Auriko vs OpenRouter: which LLM gateway should you use?
A practical comparison of OpenRouter and Auriko across model coverage, routing, pricing, BYOK, and production inference cost economics.
Both Auriko and OpenRouter are OpenAI-compatible LLM gateways that route requests across multiple providers through a single API. OpenRouter's strength is broader provider and model coverage plus a larger integration surface. Auriko is built for teams that care most about production inference cost economics: routing calibrated to your usage pattern, provider-aware routing, pricing transparency, zero markup, and free BYOK at scale.
TL;DR
Choose OpenRouter if you need broader provider and model coverage or existing third-party integrations for your workflow.
Choose Auriko if your goal is better inference cost economics, zero inference markup and free BYOK at scale.
Both are OpenAI SDK compatible, support BYOK, and handle fallback chains.
What is OpenRouter
OpenRouter offers 400+ active models on 60+ providers through a single OpenAI-compatible API, with a larger third-party integration surface across developer tools and frameworks.

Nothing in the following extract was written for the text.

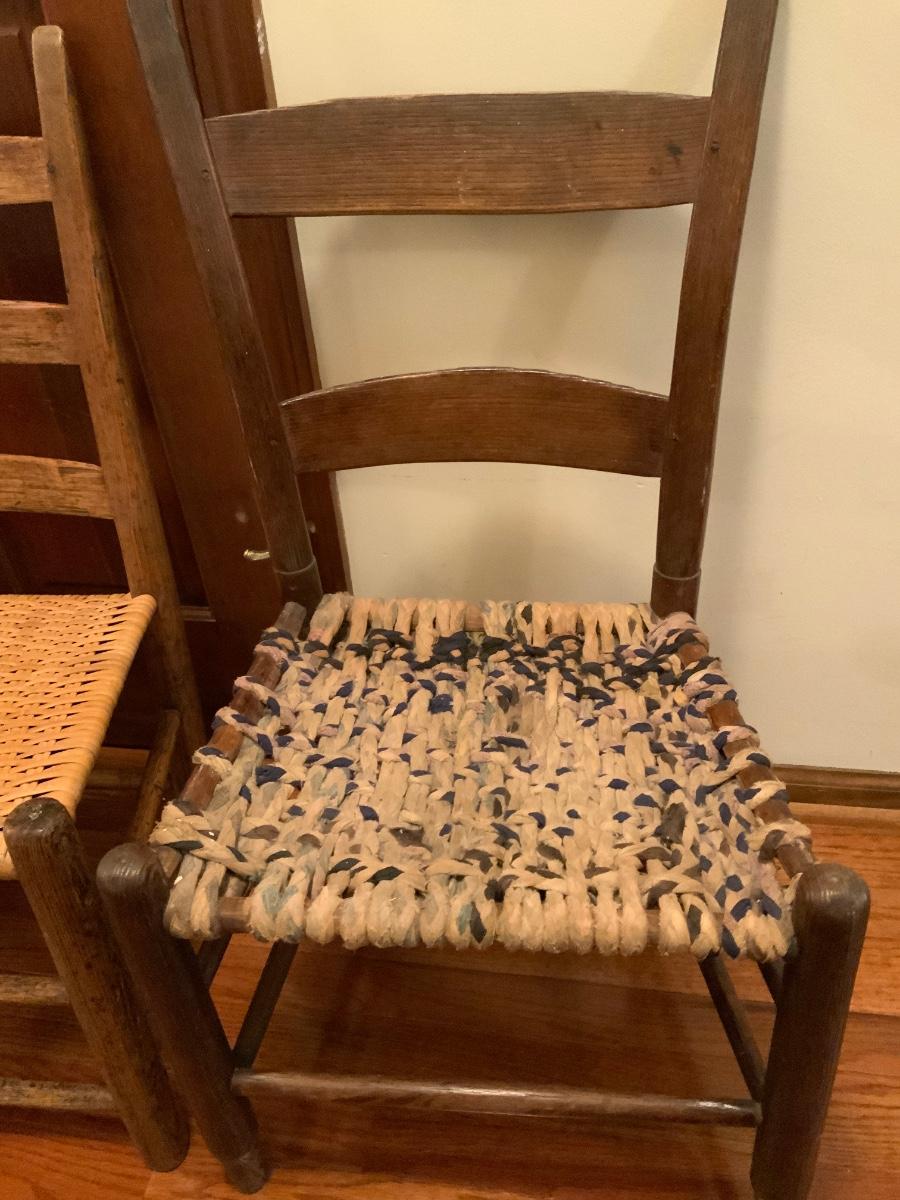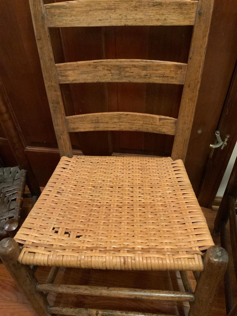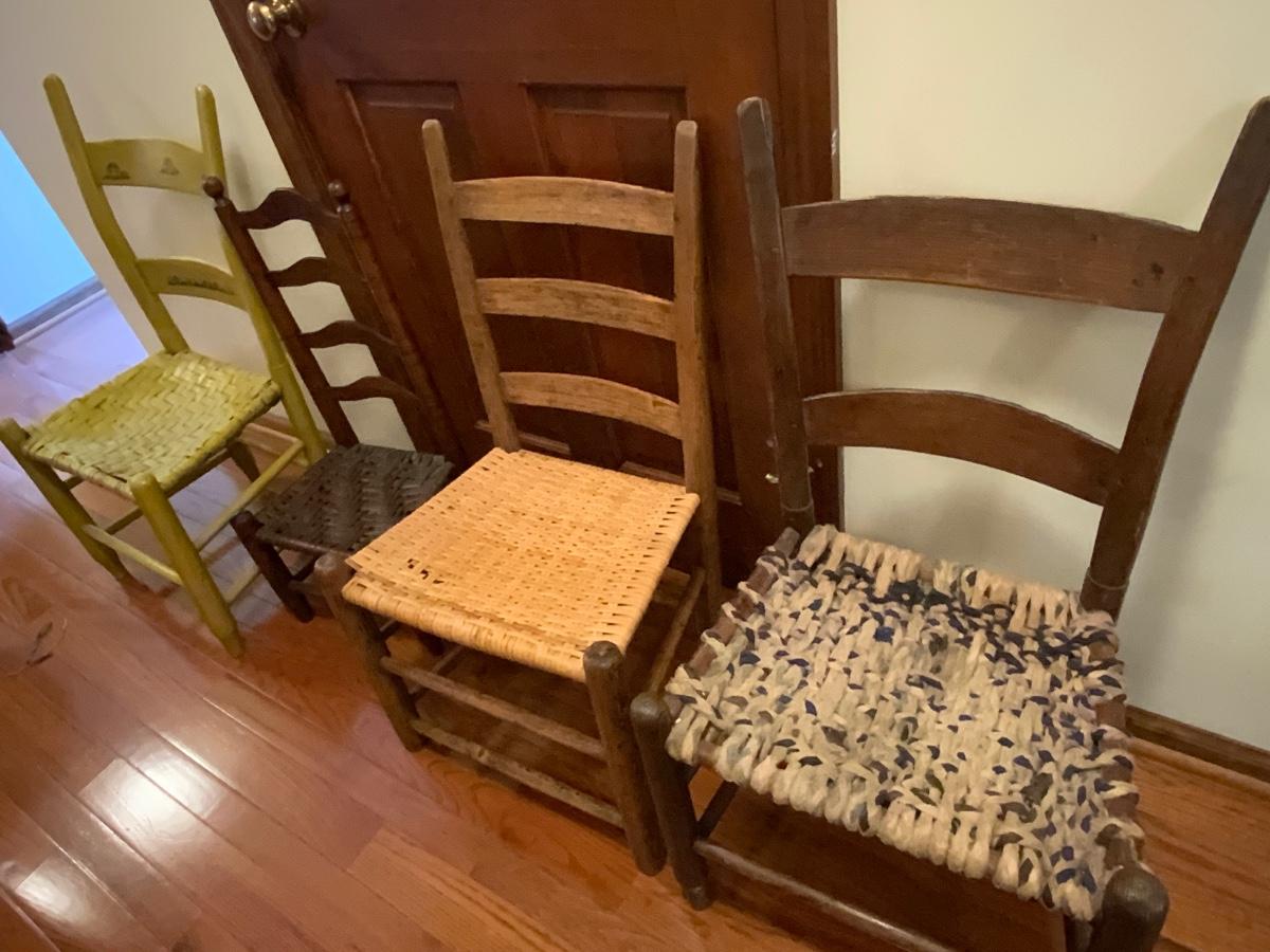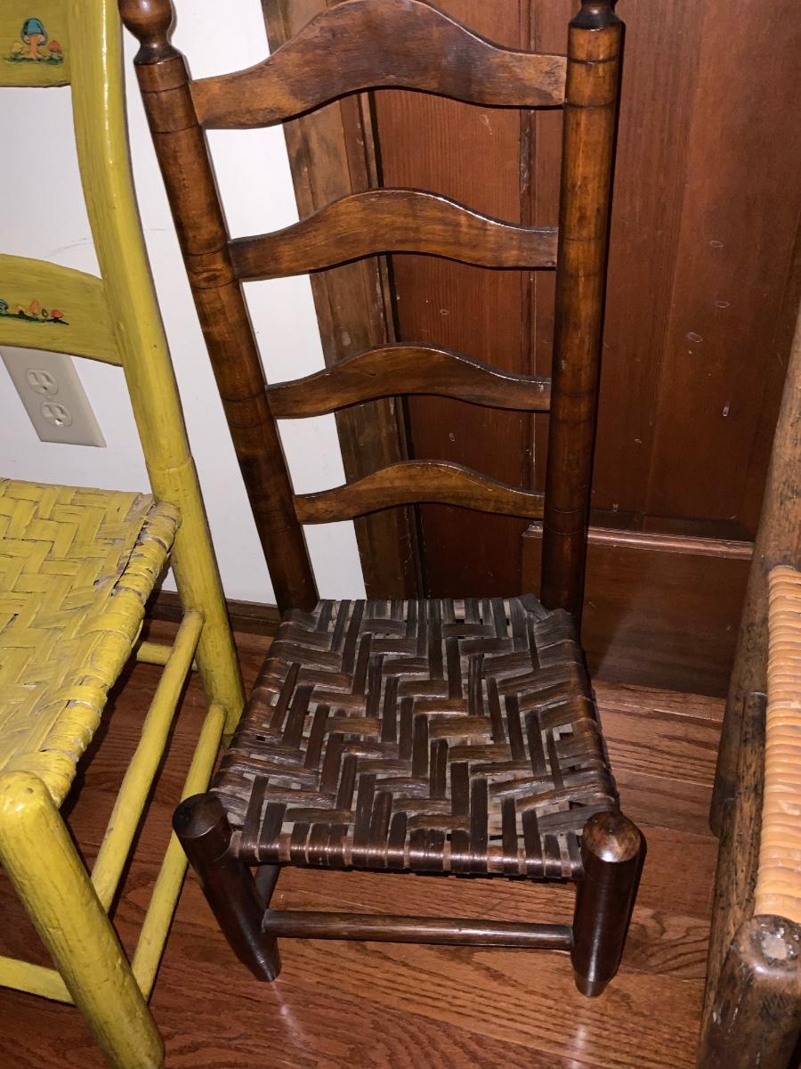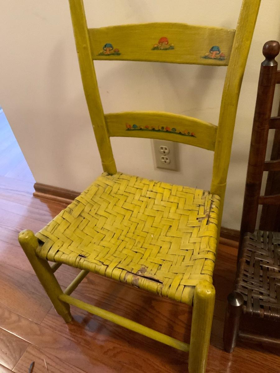 Lot of 4 vintage chairs and a few chair pads and a Childs chair

You buy credits with a 5.5% platform fee. Per-token rates match what providers charge directly.
What is Auriko
Auriko is an OpenAI-compatible gateway built for production inference cost economics. It supports 300+ models across 12 providers and is actively expanding provider and model coverage. Its core differentiation is a routing engine built by ex-quant traders that models provider pricing, cache mechanics, and user workload patterns. It uses those inputs to predict expected cost and choose the lowest-cost provider. Auriko charges 0 markup on provider token prices.
What to compare
The dimensions that matter most depend on what you're building. For production LLM applications, the criteria that usually drive the decision are:
- Cost structure. How each gateway charges and how that interacts with your usage patterns.

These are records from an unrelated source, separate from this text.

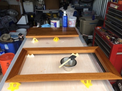 In the Spring of 2014 we started on the removal of the leaking teak decks over the V-berth and side decks. We popped out all the teak plugs, removed all the screws, and pried up each plank. The layer of black adhesive was scraped off and the fiberglass underneath sanded smooth. The screw holes were drilled out to verify the condition of the “balsa” core (ranging from soaking wet to bone dry), then filled temporarily with a thickened mix of epoxy to strengthen the outer fiberglass skin and keep any additional rain water out.
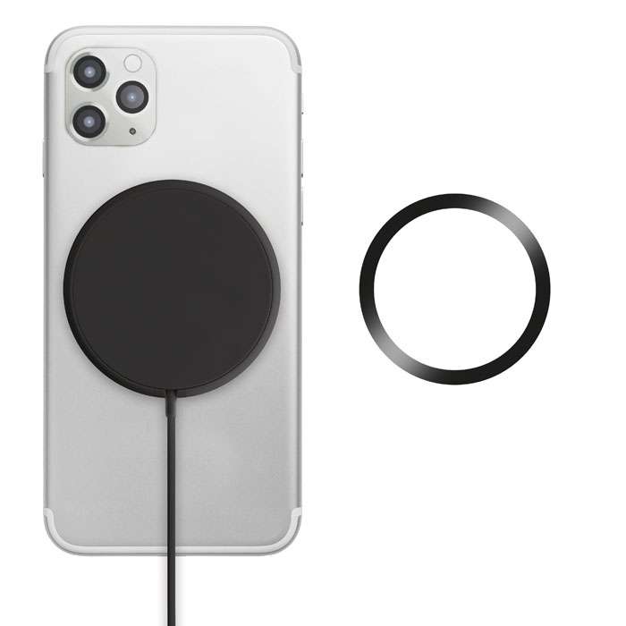 Caricabatterie wireless magnetico in ABS. Uscita: DC 9V/1.1A (10W). Compatibile con iPhone® 12 e successivi. Compreso anello metallico magnetico per supportare la ricarica di altri telefoni ricaricabili wireless non magnetici.
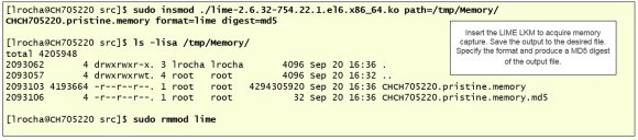 Next step is to run LiME with the insmod command. This step will acquire a memory sample in LiME format and in this case I also told LiME to produce a hash of the acquired memory sample. As an example the memory capture is written to disk but in a real incident is should be written to a network share, removable media sent via the network. Finally, you can remove the module with rmmod.

- Model and provider coverage. Whether the models you need are available.
- Routing approach. How each gateway selects a provider for a given request.
- Ecosystem. SDK maturity, tool integrations, observability.

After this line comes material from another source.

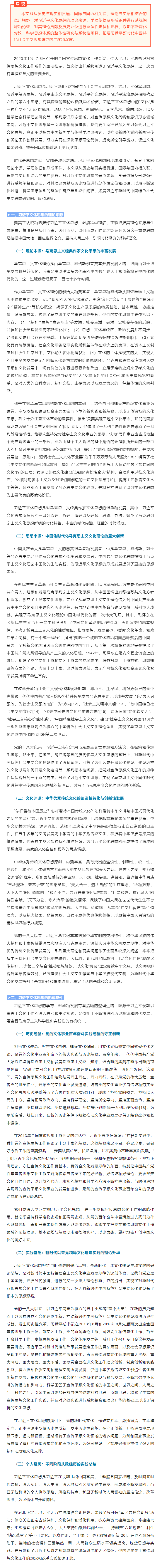 2023年6月2日,文化传承发展座谈会明确文化建设方面的“十四个强调”,即:(1)强调坚持和加强党对宣传思想文化工作的全面领导,担负起新的文化使命,建设社会主义文化强国,铸就社会主义文化新辉煌;(2)强调坚持马克思主义在意识形态领域指导地位的根本制度,推进马克思主义中国化时代化,建设具有强大凝聚力和引领力的社会主义意识形态;(3)强调坚持文化自信,推动社会主义文化繁荣兴盛,建设中华民族现代文明;(4)强调以社会主义核心价值观引领文化建设,广泛开展中国特色社会主义和中国梦宣传教育,使全体人民在理想信念、价值理念、道德观念上紧紧团结在一起;(5)强调加快构建中国特色哲学社会科学,以我国实际为研究起点,阐释中国道路、解读中国实践、构建中国理论;(6)强调推动中华优秀传统文化创造性转化、创新性发展,让中华文化展现出永久魅力和时代风采;(7)强调提高新闻舆论传播力引导力影响力公信力,弘扬主旋律、传播正能量,巩固壮大奋进新时代的主流思想舆论;(8)强调坚持以人民为中心的创作导向,把社会效益放在首位,推出更多增强人民精神力量的优秀作品;(9)强调要像爱惜自己的生命一样保护历史文化遗产,加强文物保护利用和文化遗产保护传承,守护好中华文脉;(10)强调中国式现代化是物质文明和精神文明相协调的现代化,能促进全体人民精神生活共同富裕,促进人的全面发展;(11)强调铸牢中华民族共同体意识,建设中华民族共有精神家园;(12)强调过不了互联网这一关就过不了长期执政这一关,要把互联网这个变量变成事业发展的增量,培育积极健康向上向善的网络文化,建设网络文明;(13)强调提升国家文化软实力和中华文化影响力,加强国际传播能力建设,讲好中国故事,推动中华文化更好走向世界;(14)强调弘扬全人类共同价值,落实全球文明倡议,推动文明交流互鉴,丰富世界文明百花园,等等。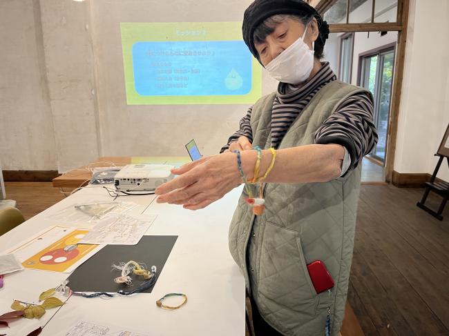 最後は、染め上がった繭玉や糸を使って「変身アイテム」作り。

- Operational visibility. What each gateway exposes about provider health, routing decisions, cost, and data handling.
The table below covers these and more. The deep-dive sections explain the dimensions where the gateways differ most.
Head-to-head
| Dimension | OpenRouter | Auriko | Notes |
|---|---|---|---|
| Pricing model | 5.5% platform fee on credit purchases | 0% markup | OpenRouter's per-token rates match providers; the fee is on credit purchase |
| BYOK cost | Free under 1M req/month, 5% after | Free on all tiers | |
| Model and provider coverage | 400+ active models on 60+ providers | 300+ models, 12 providers | |
| Routing approach | Default provider routing uses price-based load balancing with recent-outage filtering and inverse-square price weighting | 4D provider scoring across expected cost, TTFT, throughput, and capacity headroom | |
| Cost modeling | Routes by published per-token rates | Models provider pricing, cache mechanics, and workload patterns to predict expected cost | |
| Provider signals | Uses recent-outage filtering plus latency and throughput signals in routing controls | Tracks latency distributions, provider health, throughput, pricing changes, and capacity signals | |
| Free tier limit | 50 req/day, 20 RPM | 1,000 RPM | |
| Free tier BYOK | Not available | 500 RPM, 10K req/month | |
| Paid tier limit | Unlimited for paid models | Unlimited | |
| Paid tier BYOK | 1M req/month free, then 5% | Free at any volume | |
| SDKs | Client SDKs + Vercel AI SDK provider | Client SDKs + Vercel AI SDK provider |
Where OpenRouter Is the Better Fit
Broader model access. OpenRouter is the better fit when your priority is broader provider and model coverage, especially for niche models, newly launched models, or many model variants behind one API.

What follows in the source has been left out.